Hasan’s court martial was to start last week at Fort Hood, in Killeen, Texas, where he is accused of killing 13 people and wounding 32, but was delayed when Hasan’s legal team petitioned the U.S. Court of Appeals to prevent the military judge from ordering Hasan’s facial hair forcibly shaved.

The presiding judge, Col. Gregory Gross, had threatened to order the shaving unless Hasan got rid of the beard, which is against Army regulations.

The Court of Appeals found that Hasan’s petition was “premature” because Gross has not yet issued a definitive order. If an official order was given, the appeals court said, Hasan could file another petition.

The government contends it is within its right to order Hasan shaved, citing military regulations and the right to ensure “that a military trial proceeds without a distracting and disruptive sideshow.”

The beard issue surfaced in June, when Hasan, who remains in the Army while awaiting trial, appeared at a hearing with the beard. Gross postponed that hearing, then found Hasan in contempt of court at a July hearing, fined him $1,000 and warned him he would be shaved by force unless he got rid of the beard.

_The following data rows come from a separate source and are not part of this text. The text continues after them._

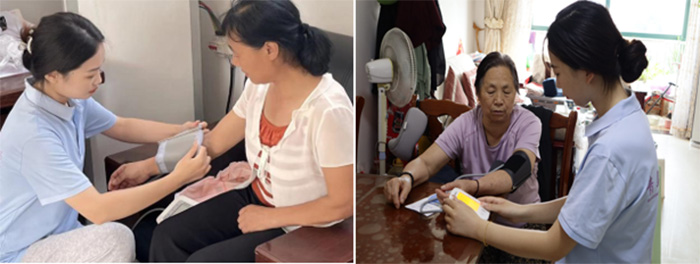 (图为团队成员入户义诊中为老人测量血压)
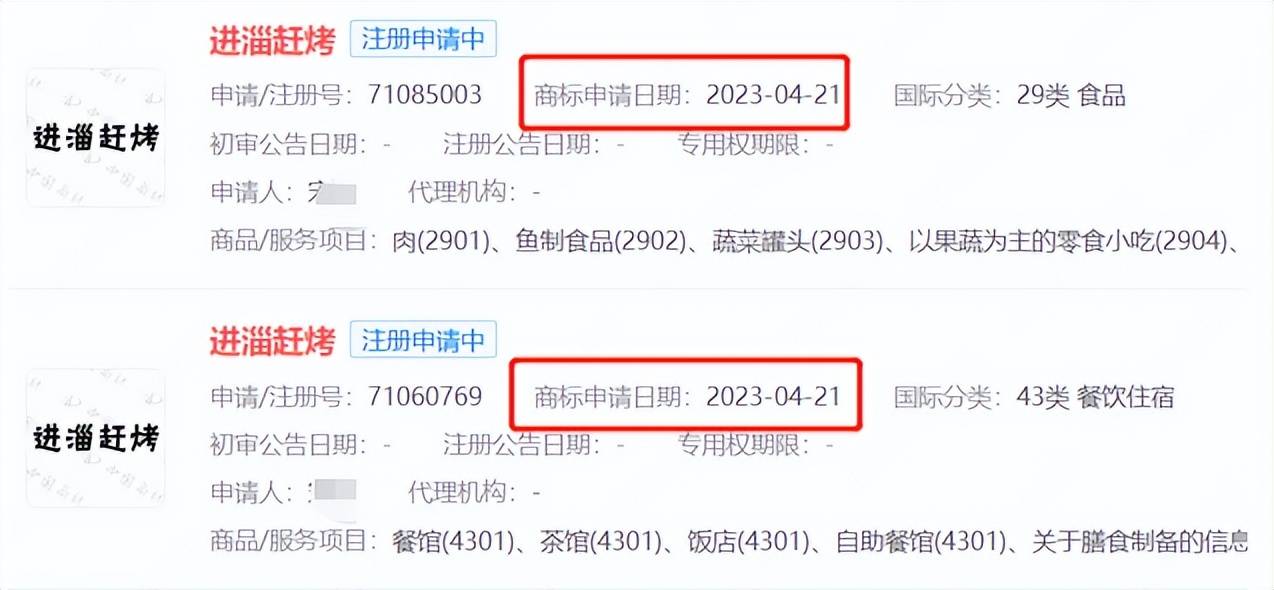 另外,“进淄赶烤”“赴淄赶烤”“来淄赶烤”等都被申请注册成商标,商标状态均为“注册申请中”。
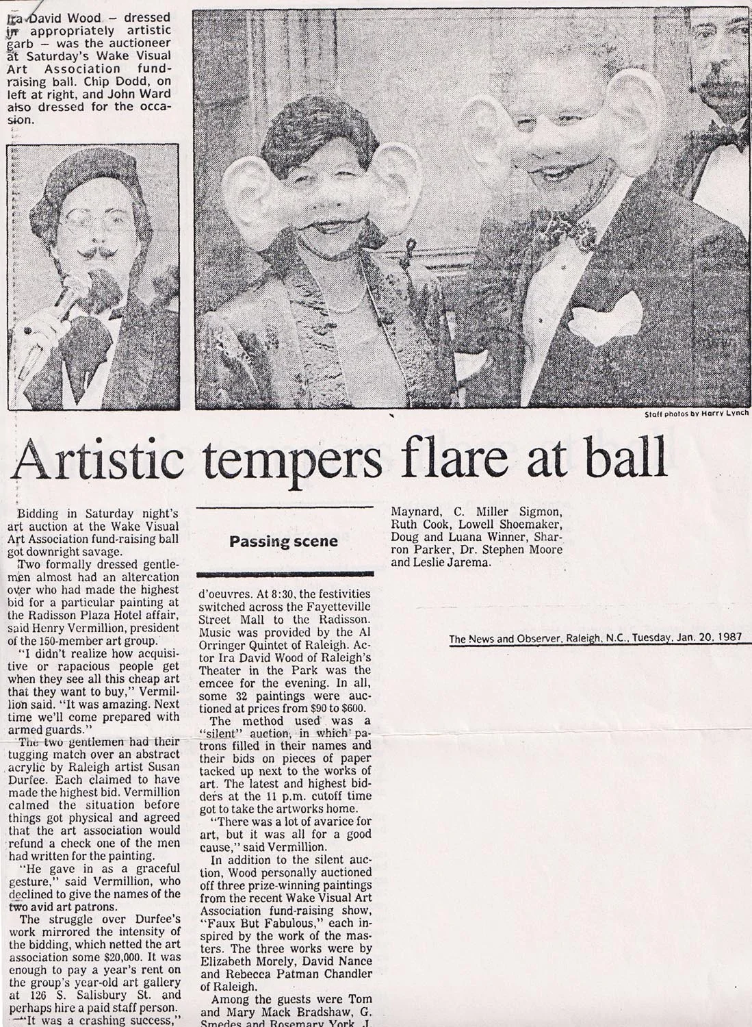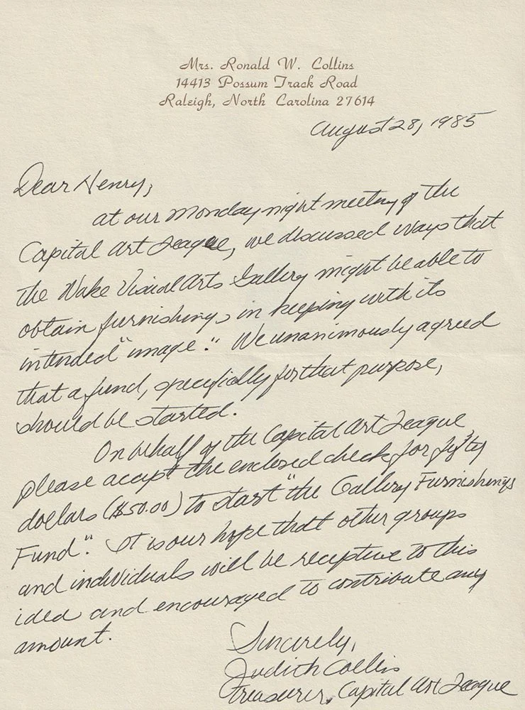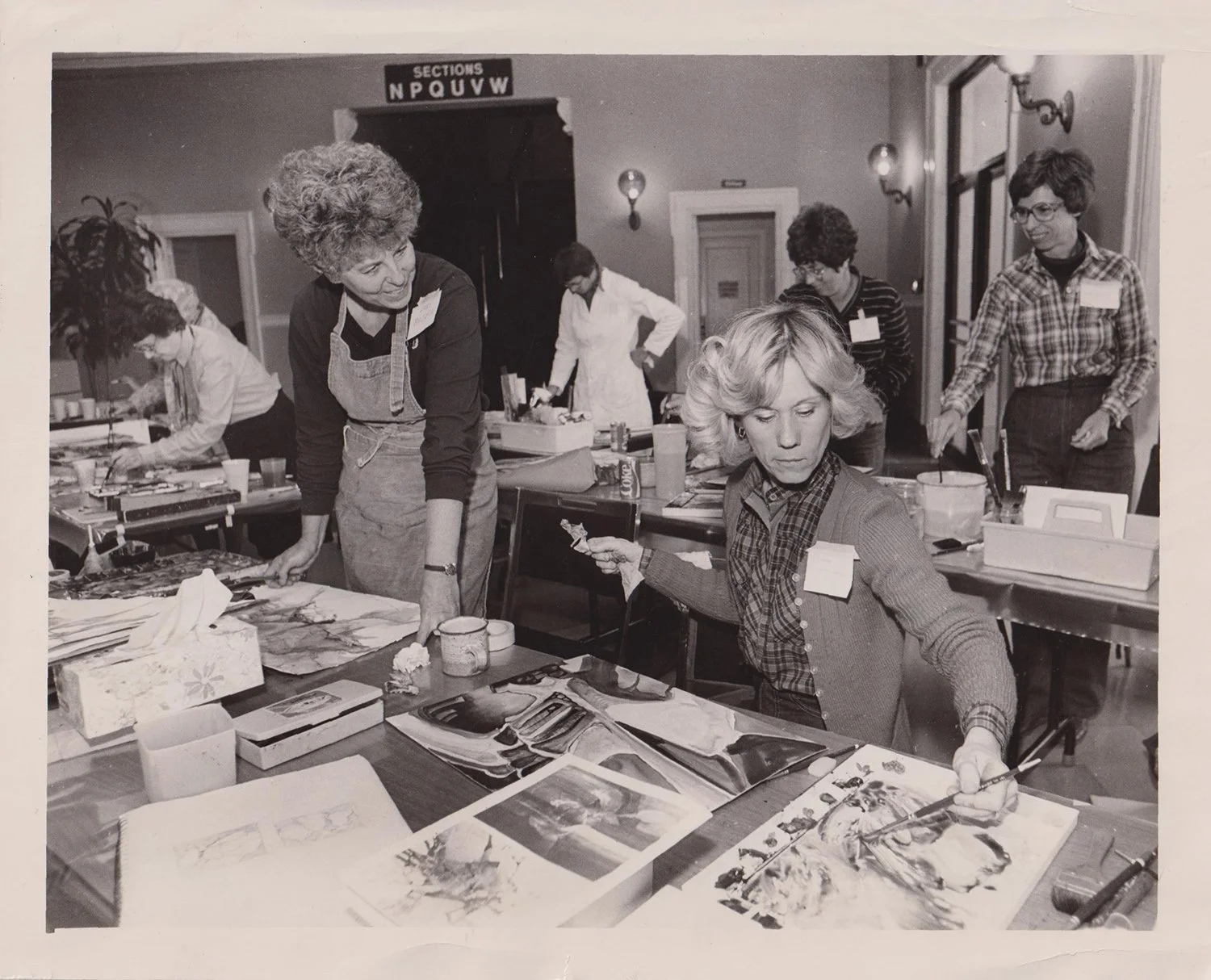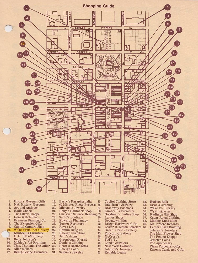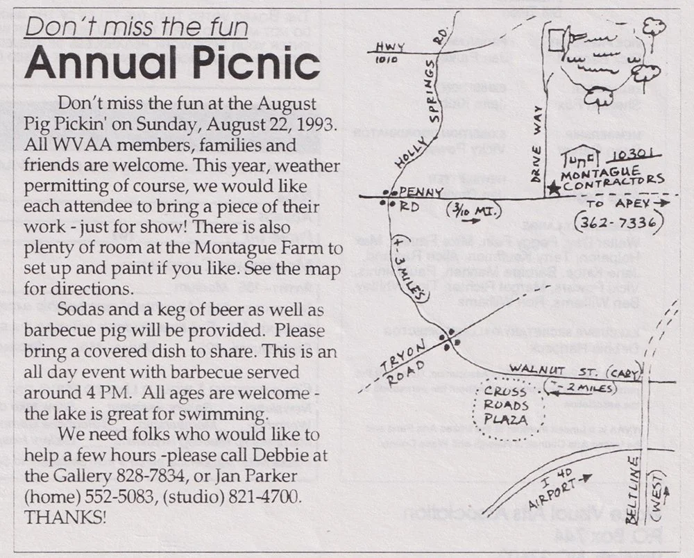 Between 1978 and 1979, the Wake Artists Guild, Raleigh Artists Guild, and the Capital Art League held several potlucks to exchange feedback and ideas. There were discussions concerning the creation of a new arts organization, potentially as a partnership between the triad. An artist named Margot Richter subsequently held several meetings with representatives from these guilds, the North Carolina Arts Council, and the Raleigh Arts Commission. The idea for a new arts organization was agreed upon, and on June 9th, 1980, Paula Harless, Barbara Burnham, and Jane Paden sat around Margot Richter’s Kitchen table to finalize the bylaws and board structure. The Wake Visual Arts Association (WVAA) became incorporated on July 11th, 1980. WVAA held its first meeting at the Sertoma Arts Center of Raleigh, where an artist named Joe Cox presented his Color and Light show to approximately 100 people.

Hasan had been expected to enter a plea during the case’s last hearing, but the proceedings were halted by the appellate court. Hasan has previously expressed interest in pleading guilty, but military regulations bar a judge from accepting a guilty plea in a capital case.

His lawyers had been seeking a delay of the case until December, but Gross has refused and set last week as the trial date. Fort Hood officials are deciding when proceedings will begin again.

Hasan is accused of opening fire at the post’s processing center, where soldiers were preparing to deploy to Afghanistan and Iraq, in November 2009.

He faces a possible death sentence if convicted. He was paralyzed from the waist down in the shooting, when police officers exchanged fire with him.

Hasan, a U.S.-born citizen of Palestinian descent, was a licensed psychiatrist who joined the Army in 1997. He had been scheduled to deploy to Afghanistan before the killings, but had been telling his family since 2001 that he wanted to get out of the military.

He is a Muslim who had told his family he had been taunted after the terrorist attacks of September 11, 2001. Investigations that followed the killings found he had been communicating via e-mail with Anwar al-Awlaki, the Yemeni-American radical cleric killed by a U.S. drone attack in 2011.

An FBI report in July found that a Joint Terrorism Task Force in San Diego that was investigating al-Awlaki passed two of the messages to another task force in the Washington area, where Hasan was living at the time. The report found those e-mails should have been given to the Pentagon, but the FBI saw no evidence of terrorist activities in his case, and believed the information in the e-mails was too sensitive to share. It noted that visiting extremist websites is not grounds for taking action.